I do?

Joey Garcia

I am struggling with a marriage proposal from my former boyfriend, who moved out of state for a job. I really care about him, but we decided to be friends because of the distance. The other night, he asked me to marry him. I was shocked. Plus, this was a phone call, which made the proposal so impersonal. I did not know what to say, and we left it at that. I am concerned because we are from different cultures—he is Indian, and I am Mexican. We get along well, but he has not said what his family (in India) thinks. I wonder what they would say. My family approves. How do I ask him about his family, which is a touchy subject with him? And should I speak with him in person or have him come here?

Cast logistics aside for a moment and tell me about your feelings. How do you feel when you imagine investing yourself in a lifelong commitment in which you will be for him and he will be for you, regardless of the difficulty or benefits of the union? How do you feel when you consider that marriage calls you to a conversion of your ego so that you know yourself better and learn to love yourself, your partner and others with fewer conditions? Now, tell me your thoughts: Are you both faithful in mind, body and spirit? Do you tell each other the truth? Is there trust between you? Are you supported in following your dreams? Can you both give up thinking like single people and make decisions together, even if it means the delay or demise of a dream? Those are the elements of a genuine marriage.
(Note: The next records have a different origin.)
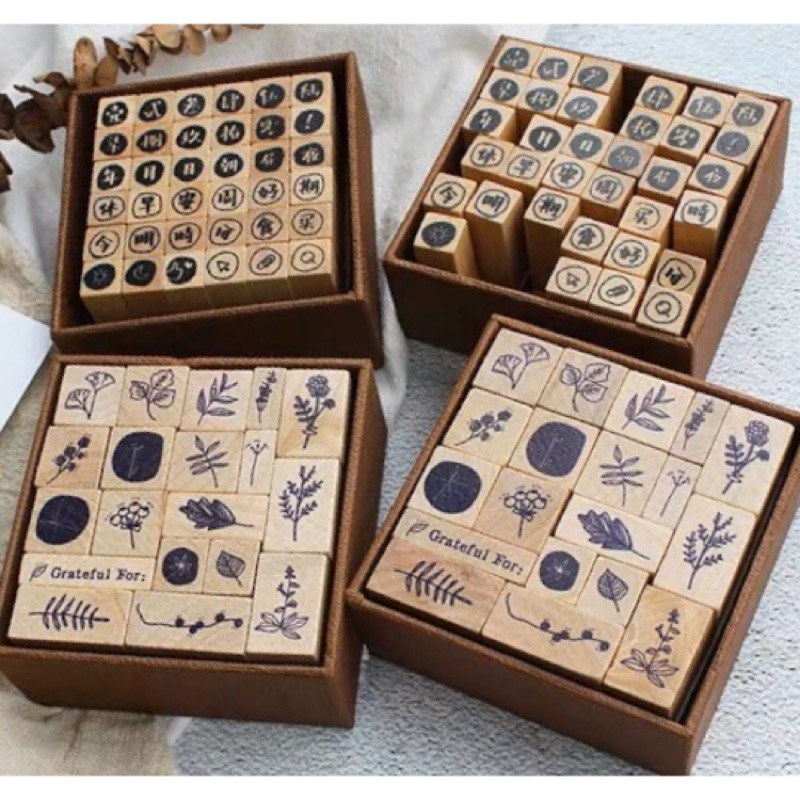 盒裝漢字植物木質印章手帳素材復古印章可愛印章 蝦皮購物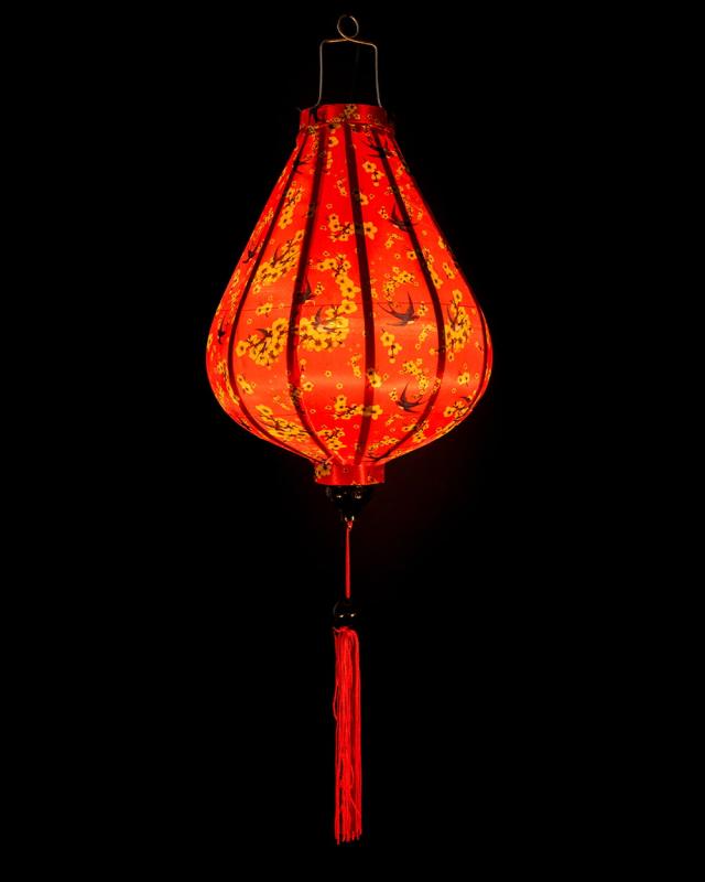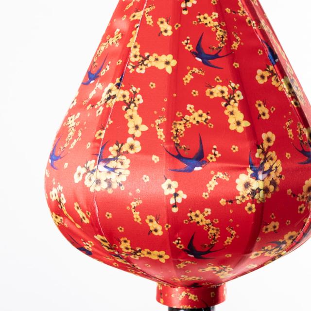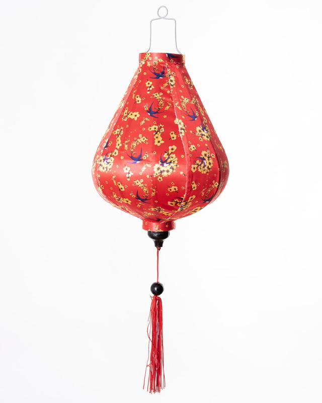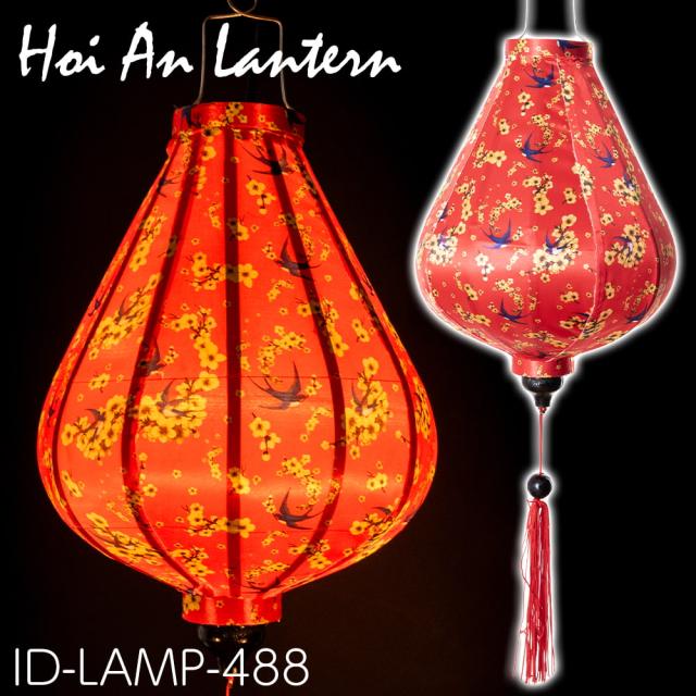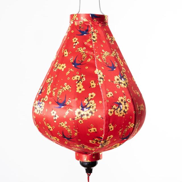 【送料無料】 【5個セット】華やかな柄入り ベトナム伝統のホイアン ランタン〔提灯〕 ティアドロップ〔燕と黄梅模様〕 / レッド ホイアンランタン ランプ インテリア アジアン ランプシェード エスニック インド 雑貨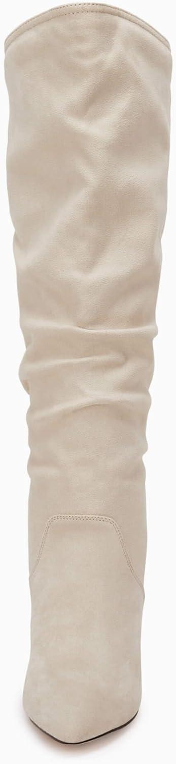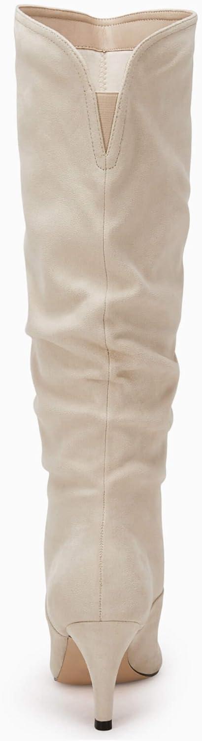 Coutgo Womens Slouchy Knee High Boots Wide Calf Kitten Heel Pointed Toe Pull On Long Boots Winter Shoes(Off-white)

Fusing two cultures through marriage expands your belief system, expectations and comfort zones. Why not live the integration as a delightful adventure? Though it is good self-care to ask what his family thinks of the union, don’t predicate your decision on its approval. When women were their father’s property and were swapped for a yak or trunks of linen, the belief that you married a family, not a man, prevailed. But now, literally and symbolically, you must leave your parents’ house to create your own home with your partner. The support of in-laws can quell your insecurities about belonging, but so can the realization that marriage bonds you to the human family.

If his family is a touchy subject, broach the topic in person. But with physical distance between you, it’s vital to discuss some challenges by phone. If you plan to greet his proposal with a yes or even a maybe, visit him. Get the flavor of your new home. If your answer is no, then call him. And although fairy tales promise otherwise, in reality, proposals arrive by phone. That doesn’t make the intention “I choose you as my life partner” any less remarkable or romantic.
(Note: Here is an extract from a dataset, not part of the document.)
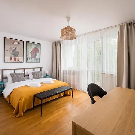 Apartament wyposażony jest w udogodnienia do samodzielnego przygotowywania posiłków, w tym w aneks kuchenny oraz jadalnię. Aby zwiedzić pozostałą część Warszawy, Goście mogą również wsiąść do autobusu na przystanku Nugat 01, który leży w 950 metrach.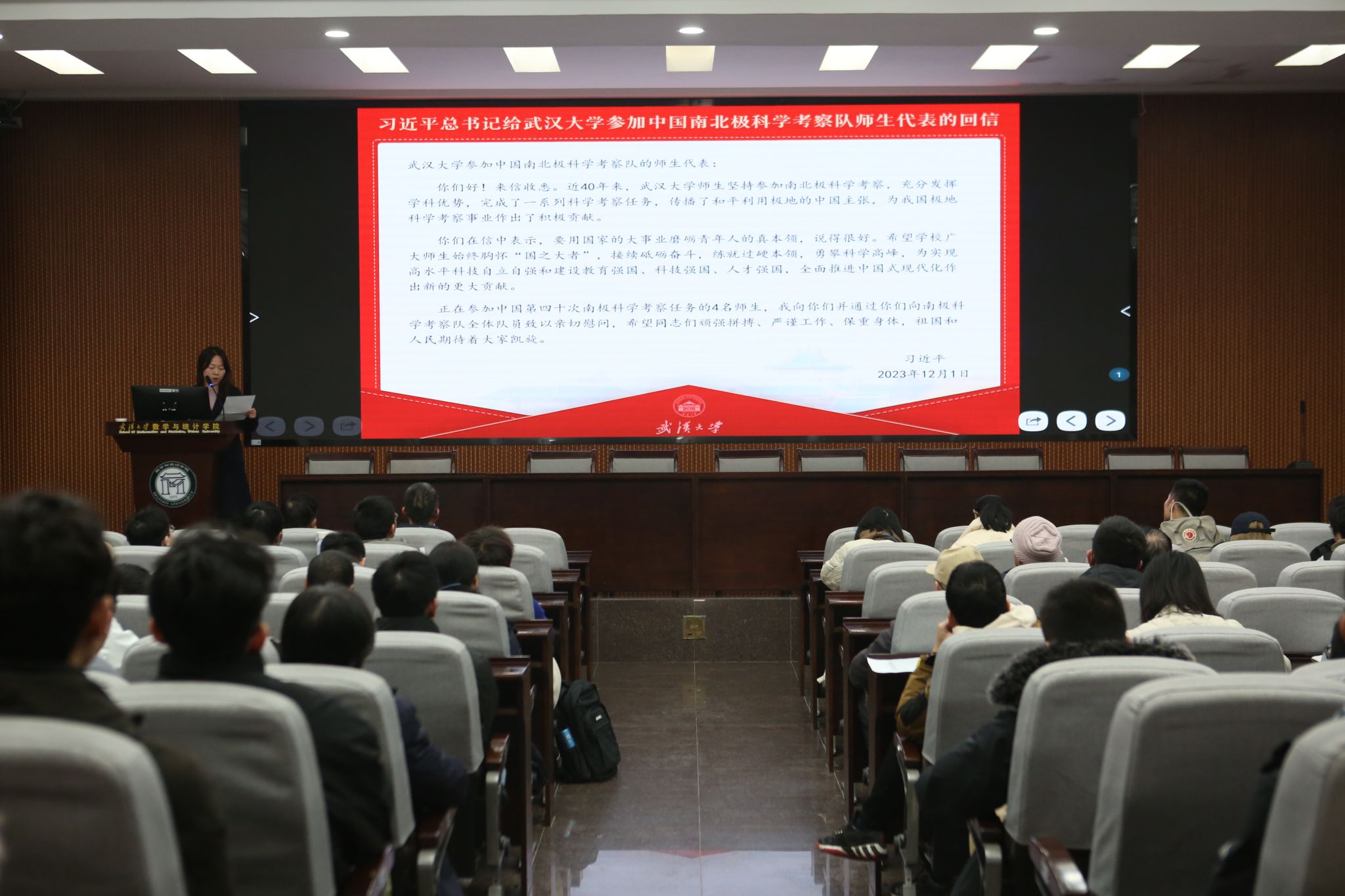 参加南北极科学考察队师生重要回信精神辅导报告会。成人导航

How does someone who has been sexually molested deal with inappropriate comments? I was enjoying a conversation with a man at a party when we were interrupted by another man who loudly suggested that I wear less the next time I visit. I didn’t know how to respond.
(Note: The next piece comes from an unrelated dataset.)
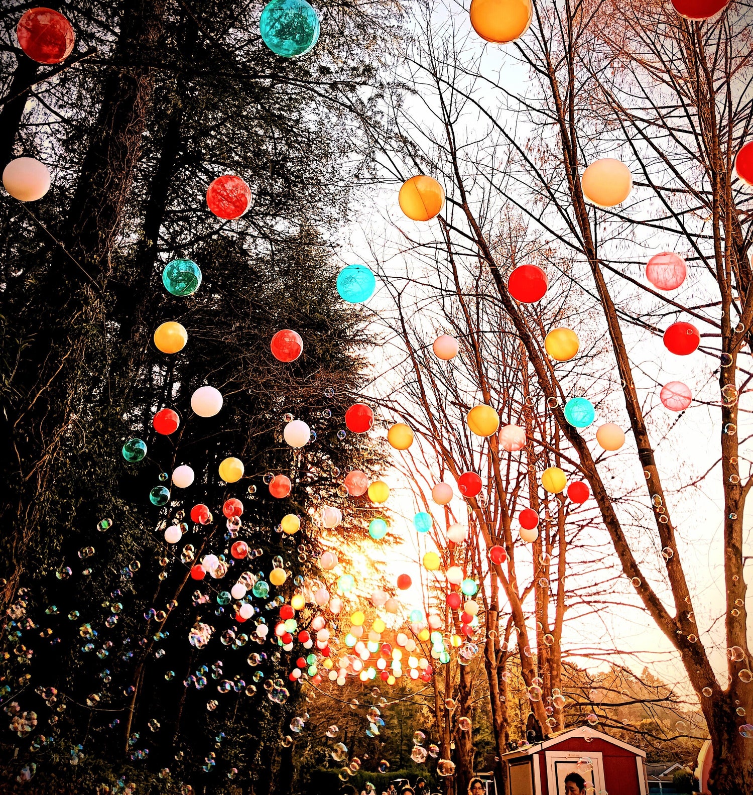 木々の間に浮かぶ色とりどりの球は、空に咲いた夢の花。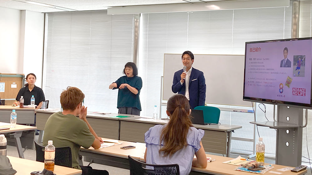 「手話による実況とはどんなものなのか。」「音声実況と同じように行うことは可能なのか。」など様々な疑問が当初はありました。しかし、講義の中でモータースポーツ実況のポイントなどを説明し、実際にアカデミーを受講しているろう者のみなさんに映像を見ながら手話実況にチャレンジしてもらうと、手話や表情で力強く表現し、レース展開を描写し始めました。

Living with a history of abuse means that you (and those who love you) will frequently be surprised at how your history can quickly eclipse pleasure. But each time someone objectifies you, you are being called into practice of who you are now, not invited to return to your suffering. Like the archetypal wounded healer, you must fight against falling backward and choose to listen to your soul reminding your ego, “Forgive them. They don’t know what they are doing.” After some practice in this art, you will know when, how and whether to address boorishness in your brothers (or sisters) on the planet.

Meditation of the week
“We make of the quarrel with others rhetoric, but of the quarrel with ourselves poetry,” wrote William Butler Yeats. How would your relationships change if you created poetry from your disagreements with those you purport to love (or even like a lot)?